May « 2026 « Kostya's Boring Codec World

Archive for May, 2026

AI-coholism

Friday, May 29th, 2026

With this matter, I hope I actually shan’t have more to write about. But this thought needed to be written out (only if to unload it from my head).

For some reason the current state of affairs around “AI” reminds me a lot of alcohol. Mind you, it’s a useful substance (as a solvent or a disinfectant), some people may even use it in recreational purposes or to deal with stress—but there are always some people abusing it, often for no good reason, and giving bad name to it all. Also there were countries whose budget was largely dependent on alcohol over-consumption but that’s less important here.

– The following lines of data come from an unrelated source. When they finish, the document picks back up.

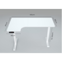 Fortia L Shaped Sit To Stand Up Corner Standing Desk, 72-120cm, Dual Motor, Adjustable Height Electric, 80kg Load, Left-Hand Sided, White
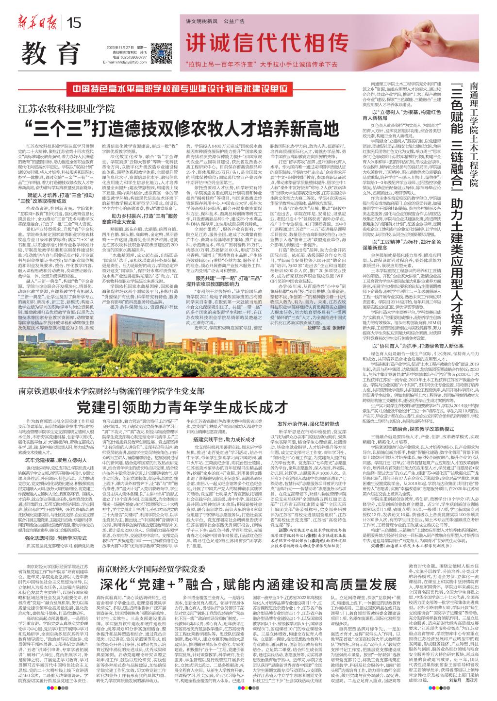 【新华日报2023.11.27教育版】91吃瓜网 91吃瓜网 党委:深化“党建+”融合,赋能内涵建设和高质量发展
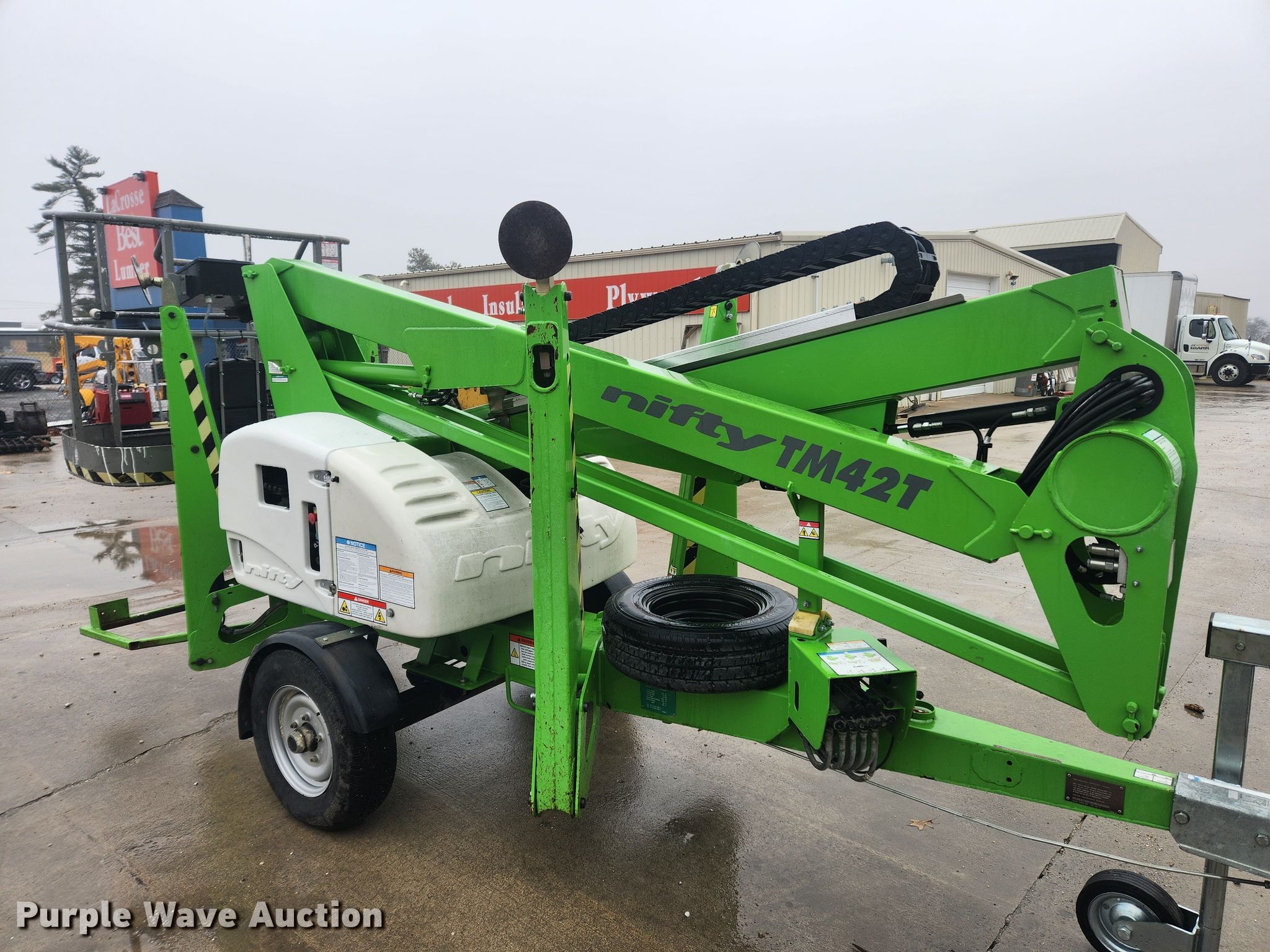 Purple Wave is selling a used Boom Lift in Missouri. This item is a 2017 Nifty TM42T boom lift with the following: Hours: Unknown, VIN: SLN42TGE9HM036584
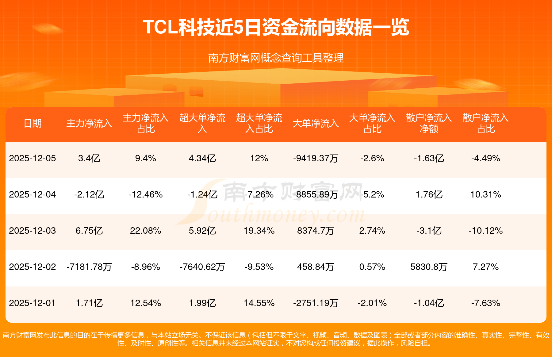 資金流向數(shù)據(jù)方面,12月5日主力資金凈流流入3.4億元,超大單資金凈流入4.34億元,大單資金凈流出9419.37萬(wàn)元,散戶資金凈流出1.63億元。

The situation with “AI” assistants looks entirely familiar: some people use it responsibly and even achieve useful results with it, but it’s usually other people (a loud but hopefully still minority) who abuse such tools to the point they get high with imaginary power and behave themselves as typical drunks: some boast how much they can consume (tokens or pints of beer), some vomit uncontrollably (you can see the results on GitHub—when it is still up of course), some suffer from neuro-toxic effects (and can’t move or code straight any longer without an external support), some lose all internal restraints (there’s little difference between alcoholics raising ruckus because their favourite liquor store is closed when they want to get a drink and AIcoholics trying to push slop to some project without caring what the change does and why the project in question doesn’t want to accept it). And occasionally you can see the entertaining stunts that would cause normal person a serious damage (like falling from a third floor or deleting a production database) but with a person in question not realising that at all.

Hopefully the situation with “AI” will mature and normalise so that the technology abusers will be shamed for their actions and become an exception instead of current “sport fans right after the match” vibe.

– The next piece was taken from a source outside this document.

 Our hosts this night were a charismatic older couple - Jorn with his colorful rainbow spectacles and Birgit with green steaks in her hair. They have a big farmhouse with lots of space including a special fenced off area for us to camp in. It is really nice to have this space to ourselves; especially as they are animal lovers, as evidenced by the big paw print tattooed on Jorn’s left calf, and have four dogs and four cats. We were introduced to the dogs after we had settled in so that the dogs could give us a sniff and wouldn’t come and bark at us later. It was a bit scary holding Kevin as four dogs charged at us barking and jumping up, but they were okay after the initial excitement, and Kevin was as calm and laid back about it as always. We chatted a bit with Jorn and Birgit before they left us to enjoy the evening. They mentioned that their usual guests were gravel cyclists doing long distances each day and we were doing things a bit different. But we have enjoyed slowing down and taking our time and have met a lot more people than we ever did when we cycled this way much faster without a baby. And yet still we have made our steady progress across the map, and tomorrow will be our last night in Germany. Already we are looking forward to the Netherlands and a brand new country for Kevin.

Posted in Useless Rants | 2 Comments »

We have FLI at home

Friday, May 29th, 2026

Recently I’ve released na_eofdec, a tool for decoding exotic and/or obscure formats. That release included F16 format support, but recently I’ve REd another one (PC Animate Plus / 3D WorkShop animation) and there’s yet another one waiting in the queue (Reflections animation). What unites them all is that they all employ simple compression schemes (mostly RLE-based) and (beside F16) they all have a 3D modelling program associated with them. And I’ve REd these formats by investigating the file format, they’re that simple.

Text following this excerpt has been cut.